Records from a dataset
━━━━━━━━━━━━━━━━━━━━━━━━━━━━━━
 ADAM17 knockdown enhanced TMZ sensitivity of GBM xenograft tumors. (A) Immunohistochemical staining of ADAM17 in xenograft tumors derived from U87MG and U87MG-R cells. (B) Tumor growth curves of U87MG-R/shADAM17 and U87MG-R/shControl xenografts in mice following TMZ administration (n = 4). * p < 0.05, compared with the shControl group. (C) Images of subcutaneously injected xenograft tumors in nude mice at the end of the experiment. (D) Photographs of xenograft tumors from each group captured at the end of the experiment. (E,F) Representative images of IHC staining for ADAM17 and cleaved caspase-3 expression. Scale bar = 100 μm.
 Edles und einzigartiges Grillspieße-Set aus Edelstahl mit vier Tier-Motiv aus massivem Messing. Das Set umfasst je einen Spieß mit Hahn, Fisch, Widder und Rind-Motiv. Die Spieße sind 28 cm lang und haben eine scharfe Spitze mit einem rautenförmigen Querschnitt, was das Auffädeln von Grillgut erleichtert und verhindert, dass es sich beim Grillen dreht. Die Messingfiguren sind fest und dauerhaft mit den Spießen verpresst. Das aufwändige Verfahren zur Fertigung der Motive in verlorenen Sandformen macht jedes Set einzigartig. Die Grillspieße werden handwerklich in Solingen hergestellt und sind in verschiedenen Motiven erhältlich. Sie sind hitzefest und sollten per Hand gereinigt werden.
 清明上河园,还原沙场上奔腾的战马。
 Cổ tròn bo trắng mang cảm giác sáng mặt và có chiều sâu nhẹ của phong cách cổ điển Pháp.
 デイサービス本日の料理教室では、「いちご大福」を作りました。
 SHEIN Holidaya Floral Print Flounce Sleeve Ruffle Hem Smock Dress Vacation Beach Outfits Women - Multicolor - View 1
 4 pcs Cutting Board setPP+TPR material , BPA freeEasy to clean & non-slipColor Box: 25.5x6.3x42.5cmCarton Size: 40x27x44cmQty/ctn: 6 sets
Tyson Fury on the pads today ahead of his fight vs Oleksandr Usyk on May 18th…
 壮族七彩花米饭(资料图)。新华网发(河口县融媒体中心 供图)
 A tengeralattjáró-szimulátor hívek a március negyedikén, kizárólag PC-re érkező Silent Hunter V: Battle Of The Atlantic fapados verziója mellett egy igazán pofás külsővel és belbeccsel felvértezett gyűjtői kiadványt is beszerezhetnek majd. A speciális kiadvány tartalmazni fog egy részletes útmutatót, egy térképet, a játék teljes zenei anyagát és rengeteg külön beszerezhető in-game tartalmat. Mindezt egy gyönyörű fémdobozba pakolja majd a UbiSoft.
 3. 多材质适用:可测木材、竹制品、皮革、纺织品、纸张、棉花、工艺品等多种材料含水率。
━━━━━━━━━━━━━━━━━━━━━━━━━━━━━━
» Aim of the exercise:
Output exactly the lines from the one containing "壮族七彩花米饭(资料图)。新华网发(河口县融媒体中心 供图)" through the last line of the entries, both ends included.

» Solved problem:
 壮族七彩花米饭(资料图)。新华网发(河口县融媒体中心 供图)
 A tengeralattjáró-szimulátor hívek a március negyedikén, kizárólag PC-re érkező Silent Hunter V: Battle Of The Atlantic fapados verziója mellett egy igazán pofás külsővel és belbeccsel felvértezett gyűjtői kiadványt is beszerezhetnek majd. A speciális kiadvány tartalmazni fog egy részletes útmutatót, egy térképet, a játék teljes zenei anyagát és rengeteg külön beszerezhető in-game tartalmat. Mindezt egy gyönyörű fémdobozba pakolja majd a UbiSoft.
 3. 多材质适用:可测木材、竹制品、皮革、纺织品、纸张、棉花、工艺品等多种材料含水率。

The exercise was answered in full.